Keributan ini menarik perhatian orang sekitar. Apalagi dengan teriakan Namura yang membahana di udara.
Rasa sakit menjalar di seluruh tubuh Yuki. Meski Yuki sudah berbaring tidak berdaya, tapi Namura tetap memukuli Yuki dengan keras. Bahkan Dia dengan brutal meraih gagang sapu yang ada di dekatnya. Dan menggunakannya untuk memukul Yuki.
"Ada apa ini ?"
Sebuah suara menghentikan Namura. Raja Bardhana muncul bersama dengan Pangeran Riana dan Bangsawan Voldermont di sampingnya.
"Yuki...."
Bangsawan Voldermont terkejut melihat Yuki. Dia langsung berlari. Mendorong Namura untuk menjauhi Yuki. "Yuki....!!" Bangsawan Voldermont menggoyangkan bahu Yuki. Tubuh Yuki penuh dengan memar dan luka bekas pukulan.

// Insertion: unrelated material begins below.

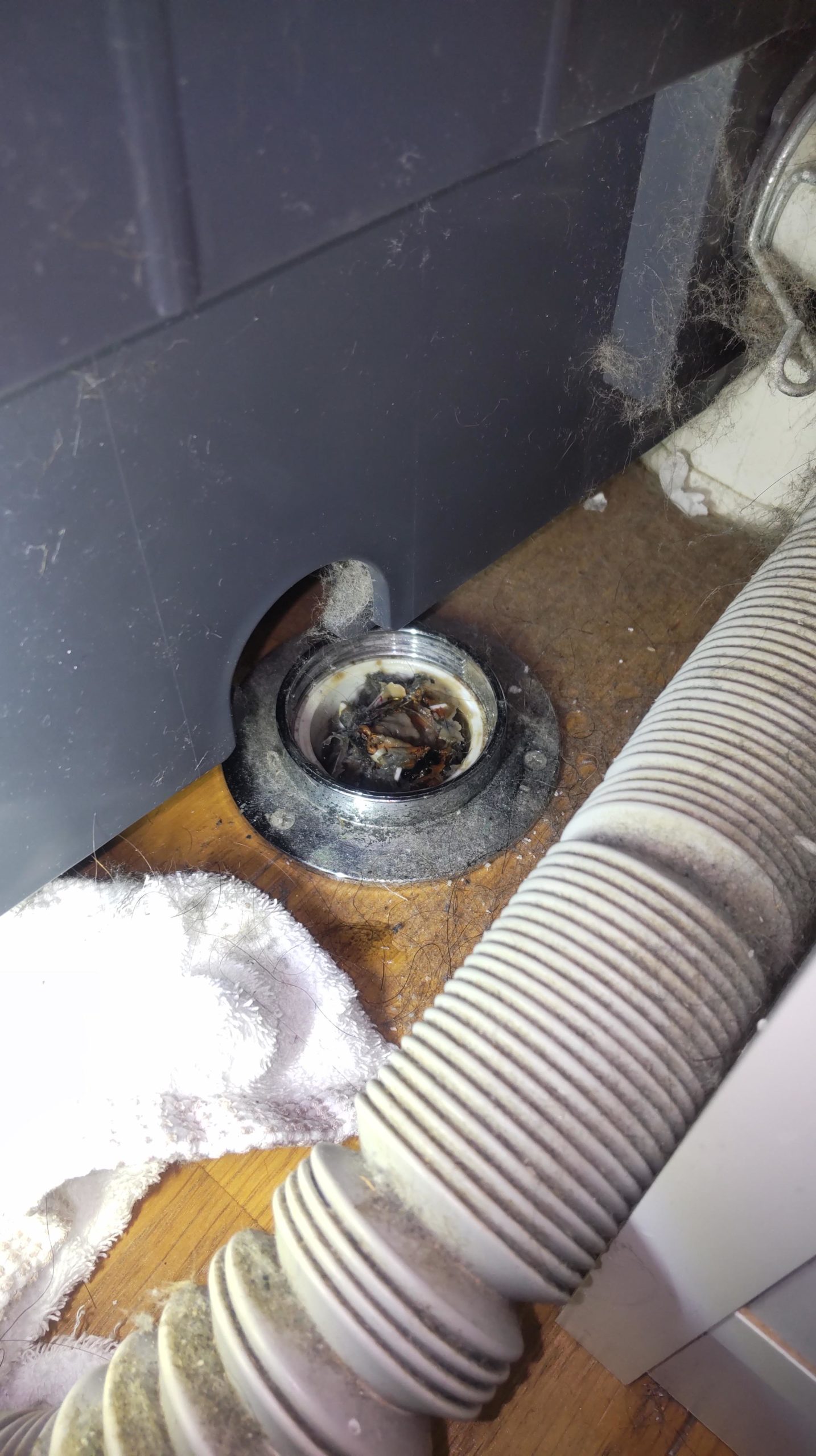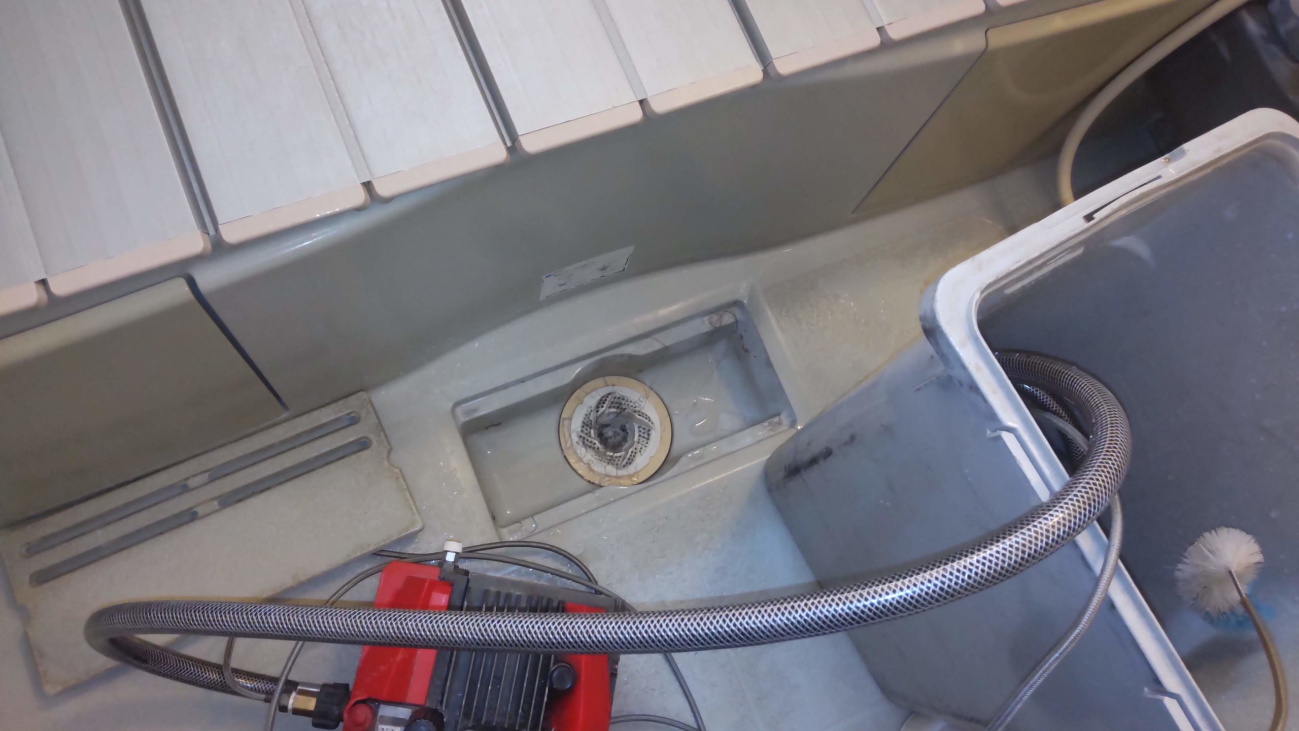 高圧洗浄の洗浄ホースは、 10メートルありますが… 上記の画像を見ると洗浄 ホースが10メートル、 全部入ってるのが確認で きます。 この時点では、流れは、 良くなりましたが少し 不安が残る流れです。 後は外排水からの高圧 洗浄に期待です。 次は洗濯排水です。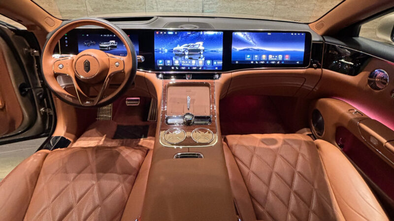The S800’s cabin adopts a 15.6-inch touchscreen complemented by an even larger 16-inch front passenger monitor. The rear passenger windows of the Maextro S800 could be dimmed with a swipe of a hand. Another highlight is a 43-speaker sound system for 2,930 W.

"Minggir, jangan halangi Aku membunuh ****** sialan ini" raung Namura sambil merangsek maju. Raja Bardhana memberikan perintah yang tidak terlihat. Dua orang prajurit langsung maju dan menodongkan senjata ke leher Namura. Membuatnya berhenti bergerak.
"Apa yang Kalian lakukan dengan istriku. Sialan Aku tidak terima dengan penghinaan ini" teriak Panglima Jaibar Marah.
"Yukiii" Pangeran Sera yang mendapatkan petunjuk untuk pergi ke taman belakang, melihat keributan yang sedang terjadi. Perasaannya tidak enak. Benar saja, begitu Dia menyeruak masuk ke dalam kerumunan. Jantungnya seketika nyaris berhenti karena melihat Yuki dengan tubuh penuh lebam dan darah. Sedang tidak sadarkan diri.
Dalam sekejap, Pangeran Sera mengulurkan tangan dan mendekap Yuki ke dadanya. Matanya memandang ke kerumunan dengan marah. "Apa yang terjadi ?"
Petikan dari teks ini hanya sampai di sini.